**What needs to be done:** Exact retyping of the data: please keep every word and drop each picture.

**Raw data:**
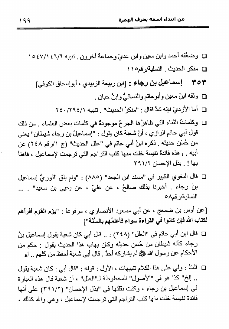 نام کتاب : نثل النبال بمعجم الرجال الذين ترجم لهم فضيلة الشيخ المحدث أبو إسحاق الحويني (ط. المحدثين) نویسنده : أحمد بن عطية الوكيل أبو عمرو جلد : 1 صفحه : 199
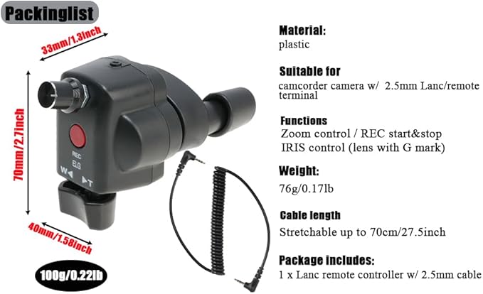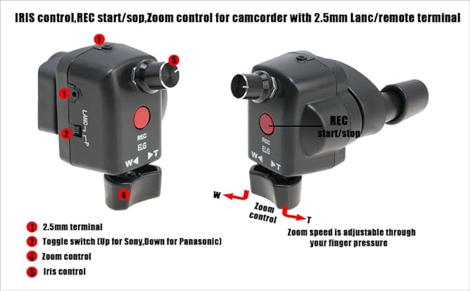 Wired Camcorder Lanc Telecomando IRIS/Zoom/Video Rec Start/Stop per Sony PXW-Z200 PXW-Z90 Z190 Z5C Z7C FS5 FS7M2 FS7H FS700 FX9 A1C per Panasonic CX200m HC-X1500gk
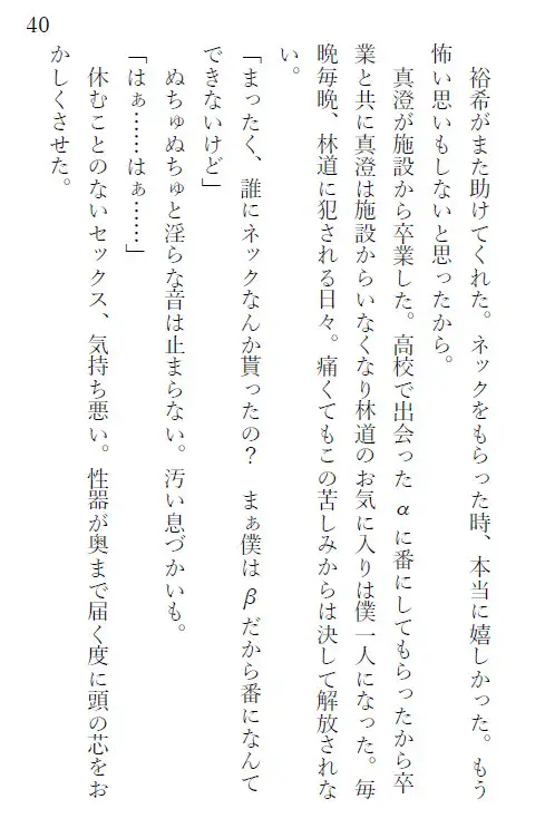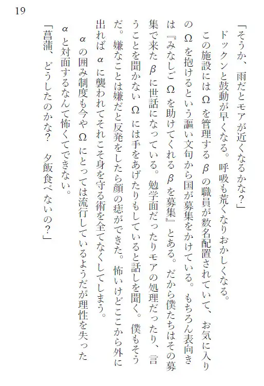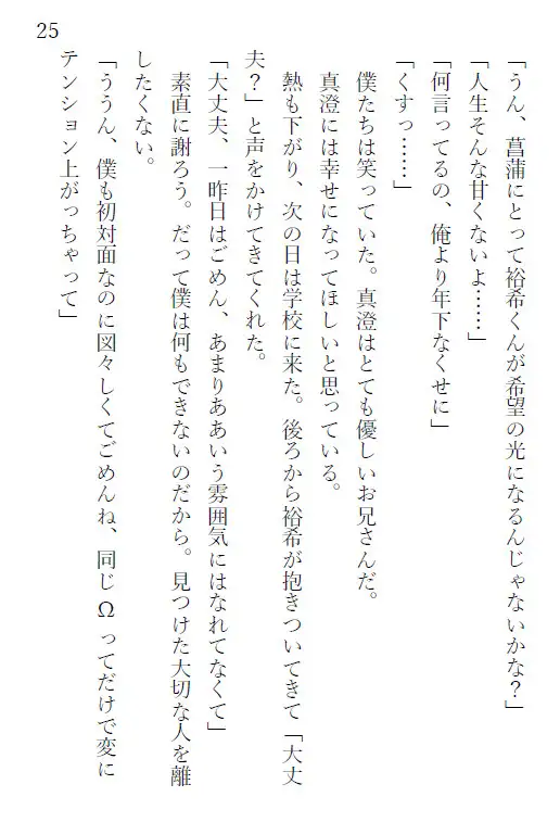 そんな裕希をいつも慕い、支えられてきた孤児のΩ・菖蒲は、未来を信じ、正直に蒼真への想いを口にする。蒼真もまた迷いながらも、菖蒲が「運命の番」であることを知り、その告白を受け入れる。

**Task output:**
 نام کتاب : نثل النبال بمعجم الرجال الذين ترجم لهم فضيلة الشيخ المحدث أبو إسحاق الحويني (ط. المحدثين) نویسنده : أحمد بن عطية الوكيل أبو عمرو جلد : 1 صفحه : 199
 Wired Camcorder Lanc Telecomando IRIS/Zoom/Video Rec Start/Stop per Sony PXW-Z200 PXW-Z90 Z190 Z5C Z7C FS5 FS7M2 FS7H FS700 FX9 A1C per Panasonic CX200m HC-X1500gk
 そんな裕希をいつも慕い、支えられてきた孤児のΩ・菖蒲は、未来を信じ、正直に蒼真への想いを口にする。蒼真もまた迷いながらも、菖蒲が「運命の番」であることを知り、その告白を受け入れる。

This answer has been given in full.